Could I just comment? Every time you talk to a European, they're going to be enthusiastic about this, because the only way to stop the European market from crashing is to get Canadian, Japanese, and New Zealand money into it.

10:20 a.m.

NDP

Nathan Cullen NDP Skeena—Bulkley Valley, BC

Yes, but as a principle of an international market system no different from a stock market, and this is what I'm trying to make some comparisons—

10:20 a.m.

President, Greenhouse Emissions Management Consortium

Aldyen Donnelly

It's very different from a stock market.

10:20 a.m.

NDP

Nathan Cullen NDP Skeena—Bulkley Valley, BC

Yes. Let's allow that.

10:20 a.m.

Conservative

The Chair Conservative Bob Mills

Mr. Cullen, we're nearing the end of our time.

Mr. Bramley, if you could, be very brief, please.

10:20 a.m.

Matthew Bramley Director, Climate Change, Pembina Institute

There are different parts of the global carbon market. The EU emissions trading system is one part. I believe that Aldyen Donnelly, in her initial remarks, was referring to the so-called “hot air” credits that in theory are available to be traded under Kyoto.

I might have time to elaborate in a later response to a later question, but on the specific question of the EU market, first of all, the EU market is essentially in a pilot phase currently between 2005 and 2007. Governments in fact didn't have all the data they needed to make allocations of permits or any other equivalently set targets for the first phase, and that led to a price correction when the data became clearer.

Having said that, the price of units that are being traded for the second phase of the EU system, that is to say the Kyoto phase 2008 to 2012, remained quite high. I believe it stayed at or around €20 a tonne. I don't think a market that's trading at €20 a tonne is a market that is fatally oversupplied.
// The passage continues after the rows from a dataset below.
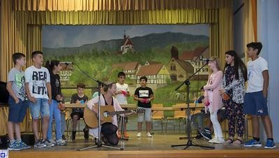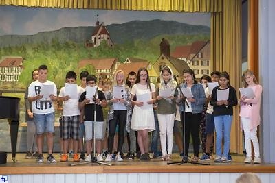 Für das Schülerkonzert am Dienstag, den 10.07. hatte Musiklehrerin Claudia Mnich ihre Schüler an der Johann-Belzer-Schule Weisenbach hervorragend vorbereitet. Für die Angehörigen und Freunde war es eine gute Gelegenheit, die gesanglichen Darbietungen der jungen Künstler zu genießen. Mit „Hey hello“ begrüßte Chor eins die zahlreichen Gäste in der Festhalle. Weitere drei Lieder folgten. Nina Göring begeisterte die Zuhörer mit einen gesanglichen Solobeitrag. Chor zwei zeigte seine musikalische Flexibilität mit fünf Liedern, darunter so bekannte Evergreens wie „ Über den Wolken“ von Reinhard Mey, „The Rose“ und „ der Löwe schläft heut Nacht“. Bei der Aufführung „Das rhythmische Klassenzimmer“ gaben die Akteure unter der Leitung von Irene Merkel dem Publikum akustisch einen Einblick in das Klassenzimmer, bevor der Lehrer kommt. Mit dem Singspiel „Der Riese Finn“ erzählte Chor eins die Geschichte des rotbärtigen Riesen Finn, der vom schwarzbärtigen Riesen zum Kampf herausgefordert wurde. Doch der Herausforderer wird von Finns Frau ausgetrickst und zieht von dannen. Claudia Mnich unterstützte die Vorträge am Klavier. Bei allen Beiträgen war den Sängerinnen und Sängern die Begeisterung anzusehen und sie wurden mit reichlich Beifall belohnt. Am Schluss zeigte die Schul-Band mit einem gelungenen Auftritt ihre musikalische Kreativität.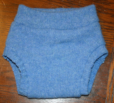 About a month ago I went to a Goodwill Outlet. It was really cool. I paid for my items by the pound. The more pounds you buy the cheaper the price. I didn’t buy much, but I figured I still got all of my items for around 50 cents each. I found 2 wool sweaters. One of them is pictured above. I felted the sweaters by washing them in a pillowcase with hot water, and then drying them on high heat in the dryer. This makes them very dense and allows them to be cut like regular fabric. I was able to make a pull on diaper cover and a pair of longies from the sweater above.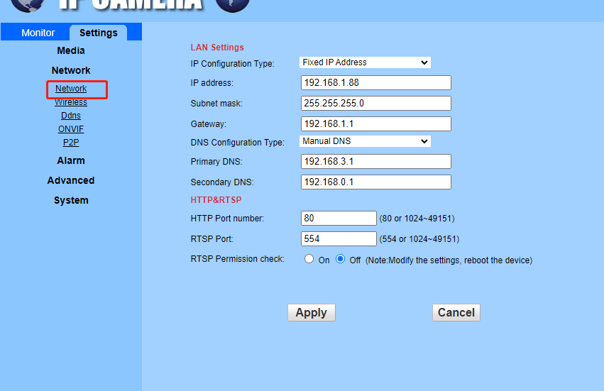 Check the IP address on the camera label, the default is 192.168.1.88 (the actual value on the camera label shall prevail).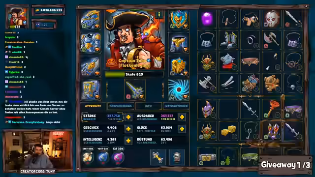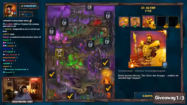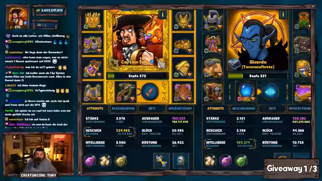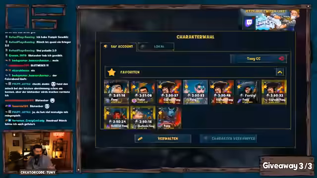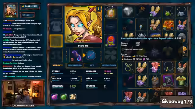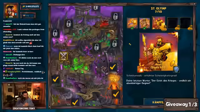 01:53:07Zur Unterhaltung der Zuschauer werden mehrere Giveaways durchgeführt. Dazu müssen Teilnehmer in einem vorgegebenen Zeitfenster ein Keyword im Chat eingeben. Nachdem mehrere Gewinner ermittelt und ihre Pakete verlost wurden, findet eine Dungeon-Challenge statt. Hier muss eine Entscheidung getroffen werden, ob ein Boss mit einer sehr geringen Gewinnwahrscheinlichkeit in über oder unter 30 Kämpfen besiegt wird. Der Streamer entscheidet sich für die riskante Variante und scheitert knapp, woraufhin eine Teilnehmerin eine kleinere Trostprämie erhält.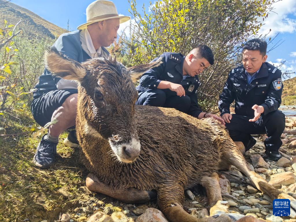 當日,在西藏拉薩市墨竹工卡縣扎西崗鄉(xiāng),一只受傷的國家二級保護動物馬鹿在渡河時被困于河中。墨竹工卡縣扎西崗鄉(xiāng)派出所干警和獸醫(yī)發(fā)現(xiàn)被困馬鹿后,立即下河展開救援,最終將馬鹿救起。據(jù)介紹,當?shù)毓哺删磕甓紩M行野生動物救援行動,為這里的野生動物保駕護航。
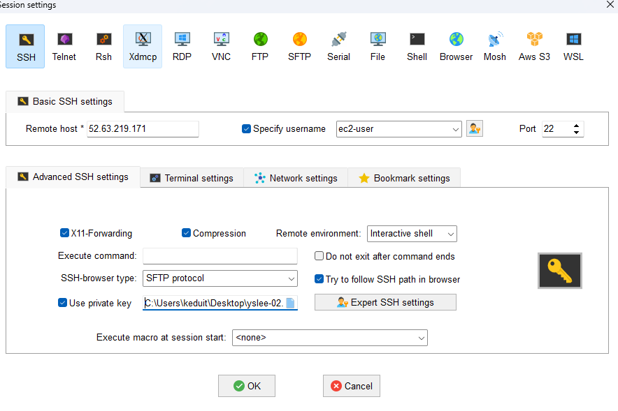 - Private key가 있어야 뭐라도 할 수 있으니까 scp로 넣어준다. Public IP를 사용해서 넣는다.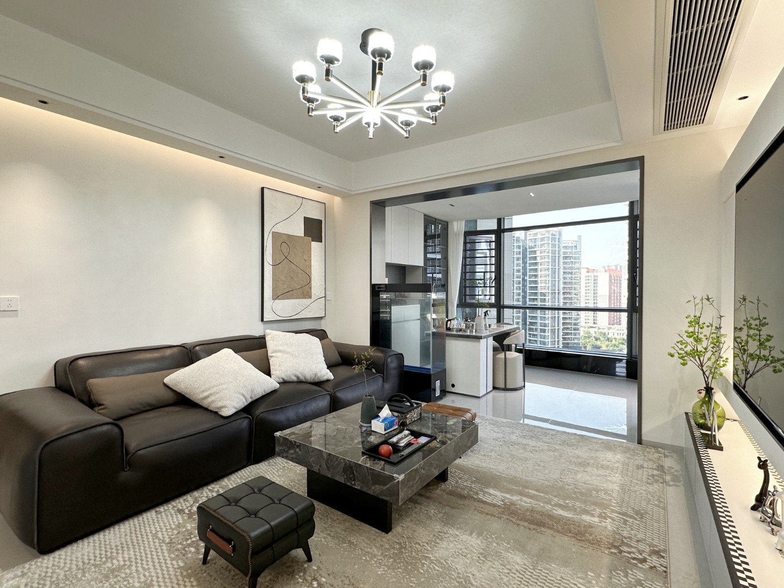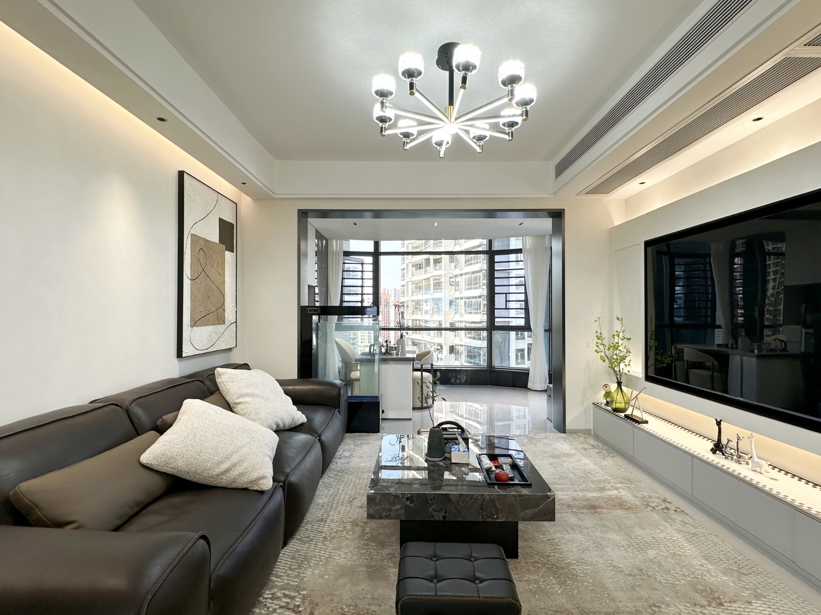 客廳有著諸多現(xiàn)代設(shè)計(jì)元素。客廳的天花板裝有造型別致的吊燈,燈光柔和,為客廳增添了溫馨的氛圍。

Furthermore, the European Commission has been very clear--in fact, this has been reported on in the media recently--that for the second phase it's going to be very tough in requiring countries to allocate fewer permits so that we can be sure the market is actually short and producing real reductions.

10:20 a.m.

Conservative

The Chair Conservative Bob Mills

Mr. Bramley, you have testified at the last meeting. Really this was to give a new person an opportunity, so I would ask you not to get into long answers, simply because you have had your time before the committee.

Let us go on, please, to Mr. Warawa.

10:20 a.m.

Conservative

Mark Warawa Conservative Langley, BC

Thank you, Mr. Chair. I'll be sharing my time with Mr. Harvey.

Just to provide clarity, Bill C-288 is a private member's bill from Mr. Rodriguez, supported by his party, the Liberal Party, which was the former government for the last 13 years, when they had an opportunity to do something on the environment. The title of Bill C-288 is An Act to ensure Canada meets its global climate change obligations under the Kyoto Protocol. As we go into the bill, what is that Kyoto Protocol? It's again clarified: “the Kyoto Protocol requires that Canada reduce its average annual greenhouse gas emissions during the period 2008-2012 to 6% below their level in 1990”.

We now know we're at 35% above that target. As part of the Kyoto Protocol, the previous government was supposed to report annually. The report that was due January 1, 2006, showed that Canada was on target to hit 47% above, and that it would cost billions of dollars to try to meet those targets. Clearly we were not able to meet those targets. Yet we have Bill C-288 suggesting that we continue to try to meet those targets when the previous government did not.

We now have a new government. We have a report from the environment commissioner, and I appreciate her being here today. She was here earlier when she introduced this report.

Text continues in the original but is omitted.